Dorongan emosi saja kadang tidak bisa menjelaskan betapa Kanvas ingin memaki disertai derai air mata tanda jika dia sedang tertindas.

Dalam hangatnya dekapan Kanvas, Biru justru terdiam dalam lautan nestapa.

"Aku tetap gagal jadi tempat kamu pulang. Rumahku ternyata tidak senyaman itu," gumam Biru dalam hati.

Tak ayal genggam tangan Biru ikut terlepas dan diganti dengan lembutnya belaian di punggung Kanvas.

Momen romantis itu terabadikan jelas di cctv ruang perpustakaan dan juga di mata elang milik Kuas.

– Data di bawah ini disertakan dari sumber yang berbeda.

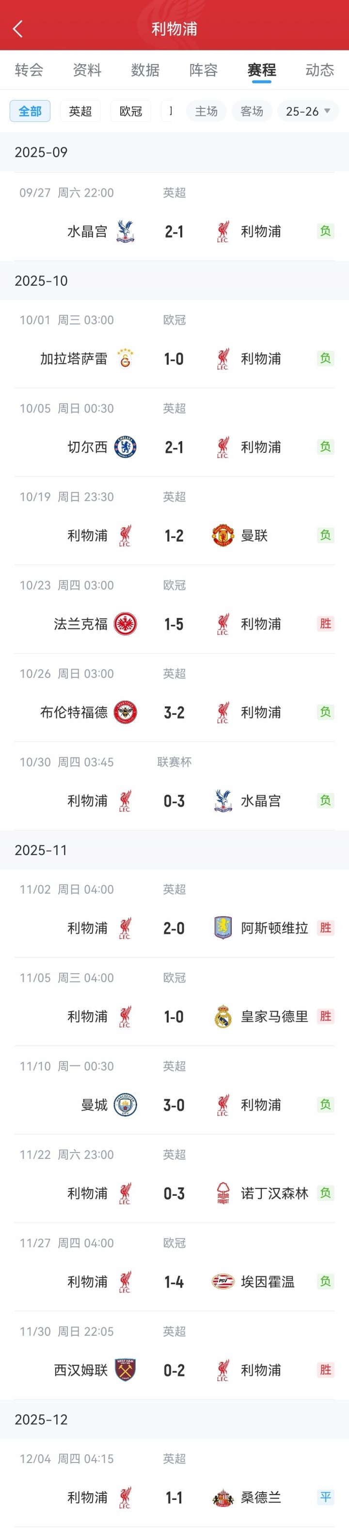 景色啥时辰来啊?利物浦近5场仅1胜1平3负,暂居英超第8欧冠第13
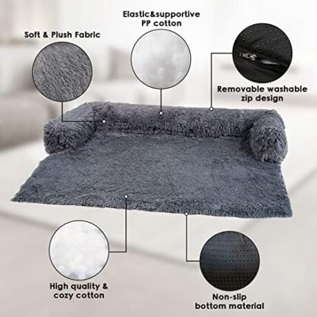 Large Washable Removable Calming Dog Bed,Fluffy Plush Dog Couch Bed,Couch Cover for Dogs with Dogs Landing Furniture Protector,Dog Beds for Large Dogs and Cats.(L(41x37x6),Dark Grey)

"Romantis banget ya! Sampe pelukan segala! Best friend banget ya kalian sampe lupa kalau ini masih di  sekolah! Teletubbies aja kalah sama kalian!" teriak Kuas membuat beberapa murid yang sedang asik membaca terganggu.

Kini bukan hanya satu, tapi juga sepuluh sorot mata yang melihat drama dua remaja itu.

Kanvas buru-buru menjauh dan bangkit lantas tanpa berkata apapun dia pergi meninggalkan Biru yang masih saja duduk santai menatap tajam Kuas serta murid lainnya.

"Apa salahnya gue pelukan sama Melodi? Dia sahabat gue!" jawab Biru tak terima. Masih dengan sorot matanya yang tajam, Biru bangkit lantas mendekati Kuas yang sedang berdiri tepat diantara lorong rak-rak buku.

Tanpa rasa takut, Kuas diam menanti Biru. Sorot matanya juga tak kalah tajam ditambah dengan kedua tangan yang terlipat di depan dada.

Murid-murid tadi sempat terganggu aktivitas membacanya kini justru terhibur dengan debat sengit yang terjadi.

Dua murid tampan saling memperebutkan satu wanita. 

"Cih!" desis Kuas berhasil membuat beberapa murid menelan ludah.

"Nama dia Kanvas bukan melodi! Kuas Kanvas bukan Biru melodi!" sambung Kuas memperjelas alasan mengapa dia tadi membentak Biru dan Kanvas.

Api kecemburuan berkobar di ke empat bola mata itu. Tidak ada satupun yang ingin mengalah. Terutama Biru yang sejak dulu mencintai Kanvas.

"JANGAN MIMPI!" tegas Biru. Jari telunjuk menghantam telak bagian dada kanan Kuas membuat aura di perpustakaan semakin mencekam.

Senyum simpul sempat Kuas berikan sebagai tanda perlawanan.

"Bukankah setiap kemenangan besar diawali dengan mimpi? Jangan salahkan mimpi jika langkahmu yang kurang lebar. Selamat datang pecundang!" jawab Kuas.

Diantara dua cinta manakah yang berhasil memikat hati Kanvas?